Since only one character can be changed a time, we can change the characters one at a time and check if it exists in the wordList. Then, we can assume the word as a neighbor to the previous word.

For the first example - [“hot”,“dot”,“dog”,“lot”,“log”,“cog”], neighbors of “hot” is ”dot” and ”lot”.

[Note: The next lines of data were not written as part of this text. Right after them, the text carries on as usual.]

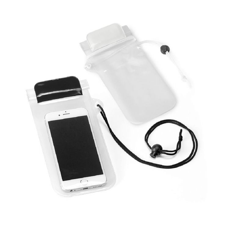 Pochette étanche pour téléphone portable en PVC avec sangle réglable et fermeture à ressort. Transparent à l'avant et blanc mat à l'arrière. Face avant tactile. L'étui est doté d'une fermeture hermétique
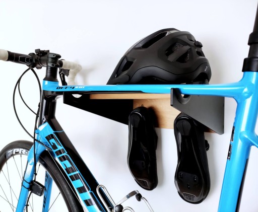 Wieszak zaprojektowany jest tak, aby miejsce miał na nim kask, buty oraz rower w specjalnie wyciętych uchwytach wyłożonych gumą celem zabezpieczenia ramy rowerowej przed ewentualnym uszkodzeniem.
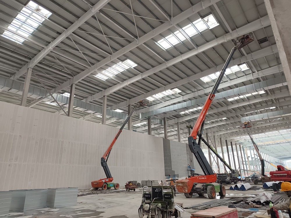 截至目前,車間一B區(qū)焊裝車間內的給排水管道、消防管道、暖通風管、空調水管、虹吸雨水、630循環(huán)水管均全部安裝完成,已全面進入試壓階段。正在進行車間一沖壓車間及QA樓安裝工作,電氣系統(tǒng)進入電纜放線安裝階段,暖通系統(tǒng)進入風口風閥安裝階段。
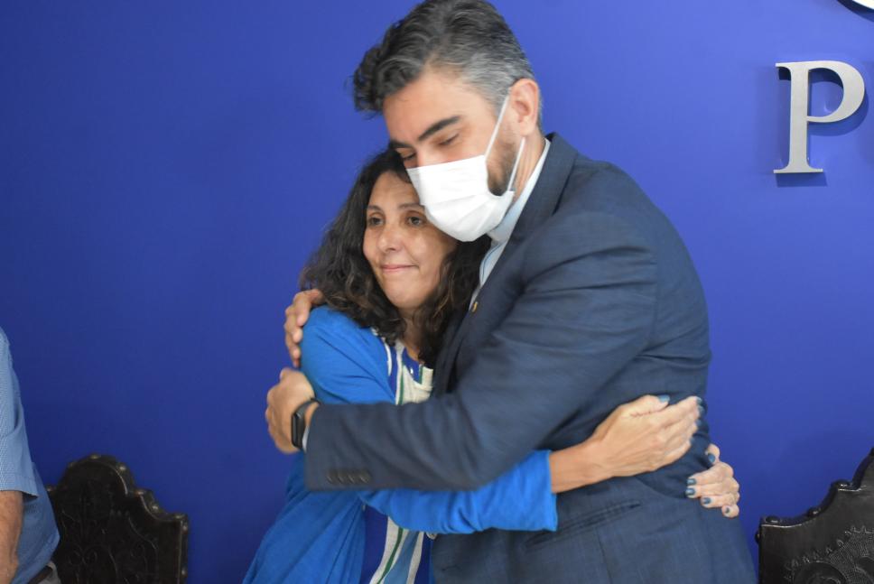 Abraço entre a profa. Jackeline Lima Farbiarz e o reitor prof. pe. Anderson Antonio Pedroso S.J..
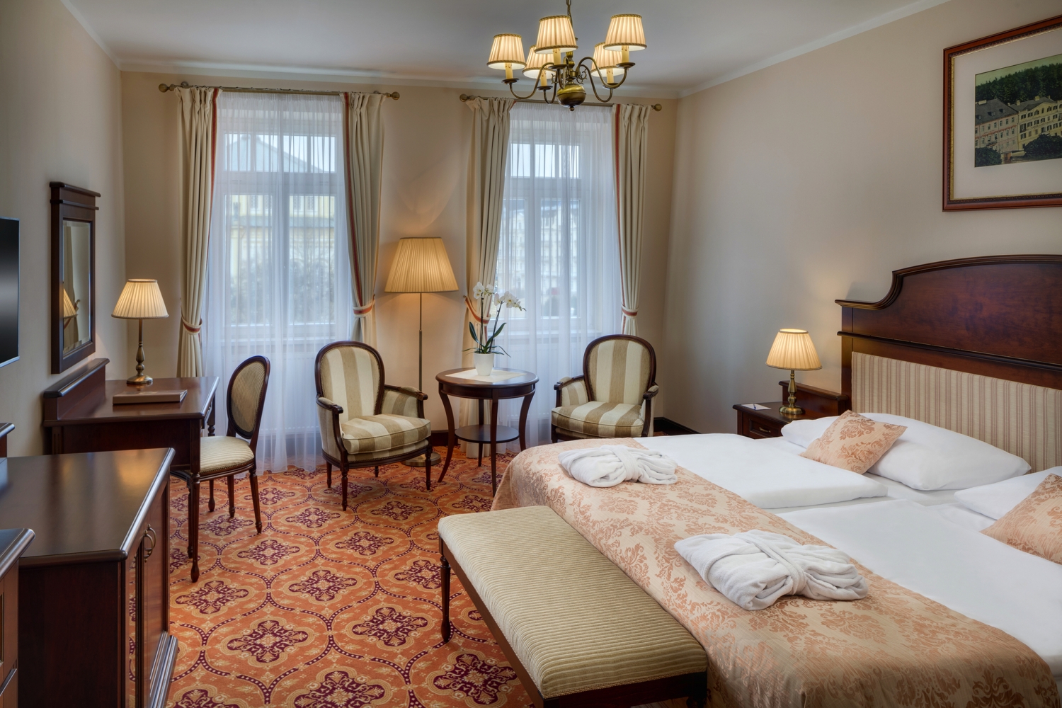 Lage: Das ****+Resort besteht aus den drei Häusern Hvĕzda, Imperial und Neapol, die durch Korridore miteinander verbunden sind. Hier wohnen Sie sehr zentral, aber dennoch ruhig in der Nähe der Kolonnaden und der Singenden Fontäne, direkt am Goetheplatz. Die Hauptpromenade Marienbads ist in kurzer Zeit zu Fuß erreichbar.
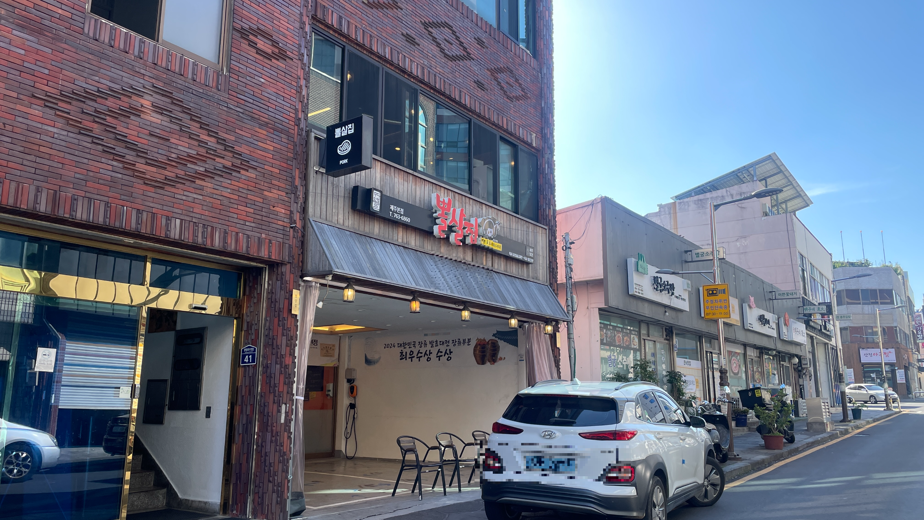 제주시 중심가 골목에 자리잡은 '뽈살집'. 외관은 깔끔하고 모던한 느낌인데요, 입구에는 2022~2024 대한민국 장류 발효대전 최우수상 수상과 발효음식 명인 선정 현수막이 걸려 있어, 이미 실력은 검증된 곳이라는 걸 알 수 있어요.

Now, we can run a BFS starting from the beginWord and the level where endWord exists, is the length of the shortest transformation sequence.

### Implementation

In C++:

int ladderLength(string beginWord, string endWord, vector<string>& wordList) {
unordered_set<string> words (wordList.begin(), wordList.end());
// if endWord doesn't exist, return 0
if (!words.count(endWord)) return 0;
unordered_set<string> visited;
queue<string> q;
q.push(beginWord);
visited.insert(beginWord);
int level = 1;
while(!q.empty()) {
int size = q.size();
while(size--) {
string s = q.front();
q.pop();
// iterate over all the characters of s
for (int i = 0; i < (int)s.length(); ++i) {
string changed = s;
// change the characters from 'a' to 'z'
for (char c = 'a'; c <= 'z'; ++c) {
if (c == s[i]) continue;
changed[i] = c;
// pre-emptively check
if (changed == endWord) {
return 1 + level;
}
if (!visited.count(changed) and words.count(changed)) {
q.push(changed);
visited.insert(changed);
}

}
}
}
++level;
}
return 0;
}

### Complexity Analysis

• Time Complexity: $O(N * M * M * 26) = O(NM^2)$ where $N =$ length of wordList and $M =$ average length of the strings. Look-up time for wordList hashset is $O(M)$.
• Space Complexity: $O(N * M)$.

### Idea

Since the start node and the target node are fixed, we can run bidirectional BFS (from both start and end) to improve the time complexity from $O(b^d)$ to $O(b^{d/2})$ (where $b =$ branching factor of the tree and $d =$ distance of target from source).

### Implementation

In C++:

int ladderLength(string beginWord, string endWord, vector<string>& wordList) {
unordered_set<string> begin({beginWord}),
end({endWord}),
words(wordList.begin(), wordList.end());
// if endWord doesn't exist, thus return 0
if(!words.count(endWord)) return 0;
int level = 1;
unordered_set<string> visited;
while(begin.size() and end.size()) {
unordered_set<string> next;
// always consider the smaller set first
if (begin.size() > end.size()) {
swap(begin, end);
}
for (string s: begin) {
for (int i = 0; i < (int)s.length(); ++i) {
string changed = s;
for (char c = 'a'; c <= 'z'; ++c) {
if (c == s[i]) continue;
changed[i] = c;
// pre-emptively check
if (end.count(changed)) {
return 1 + level;
}
if (!visited.count(changed) and words.count(changed)) {
next.insert(changed);
visited.insert(changed);
}

}
}
}
++level;
// we have moved to the next level
begin = next;
}
return 0;
}

### Complexity Analysis

• Time Complexity: $O(b^{d/2} + b^{d/2}) = O(b^{d/2})$, where $b =$ branching factor of the tree and $d =$ distance of target from source.
• Space Complexity: $O((N + N) * M) = O(N * M)$ (where $N =$ size of wordList), required for begin, end, and visited hashsets.